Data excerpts
● ● ●

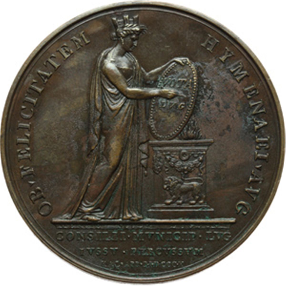 Medaglie Napoleoniche. Napoleone I (1804-1814). Medaglia 1810 per le nozze con Maria Luisa d'Austria, dono della cittv† di Lione. Bramsen 960.Julius 2271. AE. mm. 49.00 SPL+.
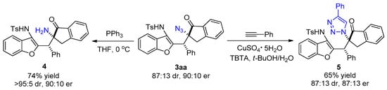 To further explore the practicability of this asymmetric reaction, a derivatization reaction was performed on compound 3aa (Scheme 4). Compound 3aa was dissolved in anhydrous THF, and triphenylphosphine was added under vigorous stirring at 0 °C. The reduction product 4 was obtained in 74% yield with >95:5 dr and 90:10 er. In addition, the compound 3aa, phenylacetylene, and tert-butyl 2,2,2-trichloroacetimidate (TBTA) were dissolved in t-BuOH, and sodium ascorbate dissolved in water and copper sulfate pentahydrate were added under vigorous stirring. The reaction succeeded in obtaining the triazole-containing benzofuran derivative 5 in 65% yield with 87:13 dr and 87:13 er. These derivatization reactions demonstrate the application value of this strategy in the synthesis of bioactive molecules.
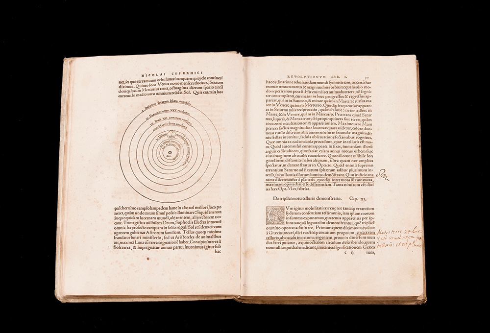 This is one of the most important books in scientific history. In it, Polish astronomer, Nicolaus Copernicus (1473–1543) set out an alternative model of the universe to Claudius Ptolemy's geocentric system, which had been widely accepted since ancient times. He placed the Sun at the centre of the universe and argued that the Earth moved across the heavens as one of the planets. Copernicus anticipated his ideas would be controversial and waited more than 30 years to publish this book. His ideas were indeed revolutionary. His ‘heliocentric model’ was later developed further by the discovery of elliptical orbits by Johannes Kepler and the law of universal gravitation by Isaac Newton.
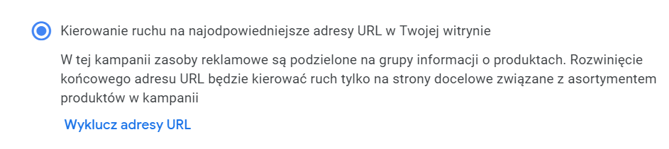 W ustawieniach kampanii wybierz opcję „Kierowanie ruchu na najodpowiedniejsze adresy URL w Twojej witrynie”. Nie zapomnij również wykluczyć adresów URL, które nie są dla Ciebie ważne z punktu prowadzenia kampanii, a kierowanie na nie użytkowników nie przyczyni się do wzrostu liczby konwersji. Przykładami takich stron są m.in.: Regulamin, Polityka Prywatności czy Dostawa.
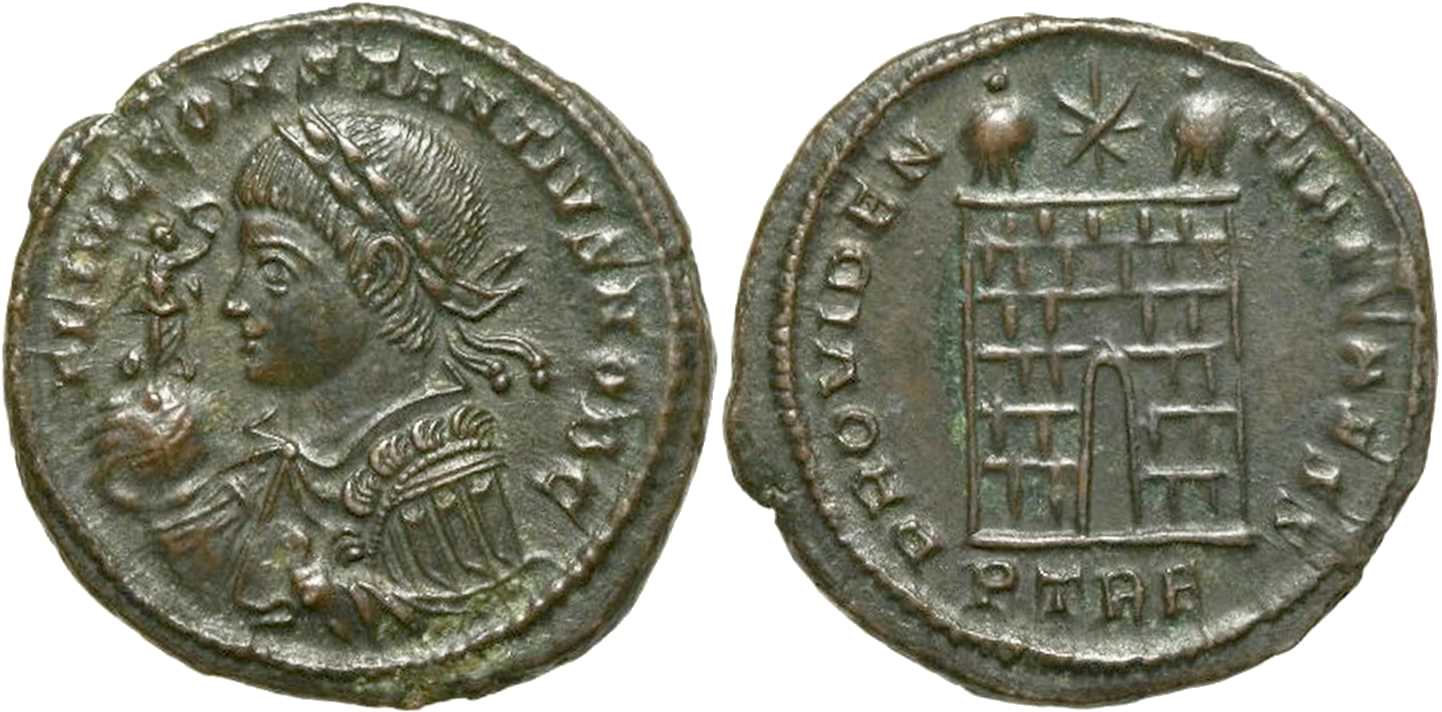 PROVIDEN-TIAECAESS [PROVIDENTIAE CAESS]; camp gate with two turrets, no doors, star above. PTRE in exergue.

● ● ●

TASK DIRECTIONS
All entries are to be duplicated exactly, with the pictures left out.

SOLUTION TO THIS TASK
 Medaglie Napoleoniche. Napoleone I (1804-1814). Medaglia 1810 per le nozze con Maria Luisa d'Austria, dono della cittv† di Lione. Bramsen 960.Julius 2271. AE. mm. 49.00 SPL+.
 To further explore the practicability of this asymmetric reaction, a derivatization reaction was performed on compound 3aa (Scheme 4). Compound 3aa was dissolved in anhydrous THF, and triphenylphosphine was added under vigorous stirring at 0 °C. The reduction product 4 was obtained in 74% yield with >95:5 dr and 90:10 er. In addition, the compound 3aa, phenylacetylene, and tert-butyl 2,2,2-trichloroacetimidate (TBTA) were dissolved in t-BuOH, and sodium ascorbate dissolved in water and copper sulfate pentahydrate were added under vigorous stirring. The reaction succeeded in obtaining the triazole-containing benzofuran derivative 5 in 65% yield with 87:13 dr and 87:13 er. These derivatization reactions demonstrate the application value of this strategy in the synthesis of bioactive molecules.
 This is one of the most important books in scientific history. In it, Polish astronomer, Nicolaus Copernicus (1473–1543) set out an alternative model of the universe to Claudius Ptolemy's geocentric system, which had been widely accepted since ancient times. He placed the Sun at the centre of the universe and argued that the Earth moved across the heavens as one of the planets. Copernicus anticipated his ideas would be controversial and waited more than 30 years to publish this book. His ideas were indeed revolutionary. His ‘heliocentric model’ was later developed further by the discovery of elliptical orbits by Johannes Kepler and the law of universal gravitation by Isaac Newton.
 W ustawieniach kampanii wybierz opcję „Kierowanie ruchu na najodpowiedniejsze adresy URL w Twojej witrynie”. Nie zapomnij również wykluczyć adresów URL, które nie są dla Ciebie ważne z punktu prowadzenia kampanii, a kierowanie na nie użytkowników nie przyczyni się do wzrostu liczby konwersji. Przykładami takich stron są m.in.: Regulamin, Polityka Prywatności czy Dostawa.
 PROVIDEN-TIAECAESS [PROVIDENTIAE CAESS]; camp gate with two turrets, no doors, star above. PTRE in exergue.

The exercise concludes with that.